First, bind a sample to a variable:
A = [{a,b},[{c,d}, {e,f}]].
Now set the original structure against the variable:
[{a,b},[{c,d},{e,f}]] = A.
If you hit enter, you'll see they match. Hit alt-p (forget what emacs calls alt, but it's alt on my keyboard) to bring back the previous line. Replace some tuple or list item with an underscore:
[_,[{c,d},{e,f}]].
Hit enter to make sure you did it right and they still match. This example is trivial, but for deeply nested, multiline structures it's trickier, so it's handy to be able to just quickly match to test. Sometimes you'll want to try to guess at whole huge swaths, like using an underscore to match a tuple list inside a tuple that's the third element of a list. If you place it right, you can match the whole thing at once, but it's easy to misread it.
Anyway, repeat to explore the essential shape of the structure and place real variables where you want to pull out values:
[_, [_, _]] = A.
[_, _] = A.
[_, MyTupleList] = A. %% let's grab this tuple list
[{MyAtom,b}, [{c,d}, MyTuple]] = A. %% or maybe we want this atom and tuple
That's how I efficiently dissect and pattern match complex data structures.
However, I don't know what you're doing. I'd be inclined to have a wrapper function that uses KVC to pull out exactly what you need and then distributes to helper functions from there for each type of structure.
If I understand you correctly you want to pattern match some large datastructures of unknown formatting.
Example:
Input: {a, b} {a,b,c,d} {a,[],{},{b,c}}
function({A, B}) -> do_something;
function({A, B, C, D}) when is_atom(B) -> do_something_else;
function({A, B, C, D}) when is_list(B) -> more_doing.
The generic answer is of course that it is undecidable from just data to know how to categorize that data.

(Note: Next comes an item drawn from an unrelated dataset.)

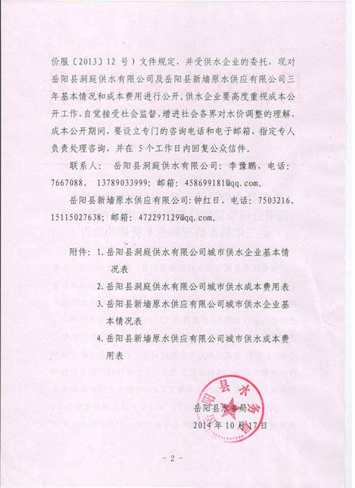 嶽陽縣洞庭供水有限公司及嶽陽縣新牆原水供應有限公司近三年基本情況和成本費用公告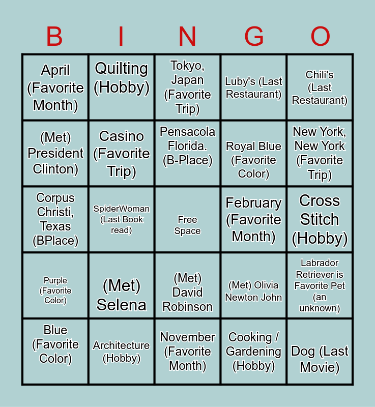 This bingo card has a free space and 24 words: Blue (Favorite Color), (Met) Selena, Pensacola Florida. (B-Place), Cooking / Gardening (Hobby), Chili's (Last Restaurant), April (Favorite Month), Quilting (Hobby), Tokyo, Japan (Favorite Trip), February (Favorite Month), Cross Stitch (Hobby), Corpus Christi, Texas (BPlace), Casino (Favorite Trip), (Met) Olivia Newton John, Labrador Retriever is Favorite Pet (an unknown), (Met) President Clinton), Architecture (Hobby), November (Favorite Month), Luby's (Last Restaurant), New York, New York (Favorite Trip), Purple (Favorite Color), SpiderWoman (Last Book read), (Met) David Robinson, Royal Blue (Favorite Color) and Dog (Last Movie).

First you should probably be aware of iolists. They are created by functions such as io_lib:format/2 and in many other places in the code.
One example is that
[["SIP",47,"2",46,"0"],32,"407",32,"Proxy Authentication Required","\r\n"]
will print as
SIP/2.0 407 Proxy Authentication Required
So, I'd start with flattening all those lists, using a function such as
flatten_io(List) when is_list(List) ->
Flat = lists:map(fun flatten_io/1, List),
maybe_flatten(Flat);
flatten_io(Tuple) when is_tuple(Tuple) ->
list_to_tuple([flatten_io(Element) || Element <- tuple_to_list(Tuple)];
flatten_io(Other) -> Other.
maybe_flatten(L) when is_list(L) ->
case lists:all(fun(Ch) when Ch > 0 andalso Ch < 256 -> true;
(List) when is_list(List) ->
lists:all(fun(X) -> X > 0 andalso X < 256 end, List);
(_) -> false
end, L) of
true -> lists:flatten(L);
false -> L
end.
(Caveat: completely untested and quite inefficient. Will also crash for inproper lists, but you shouldn't have those in your data structures anyway.)
On second thought, I can't help you. Any data structure that uses the atom 'COMMA' for a comma in a string should be taken out and shot.
You should be able to flatten those things as well and start to get a view of what you are looking at.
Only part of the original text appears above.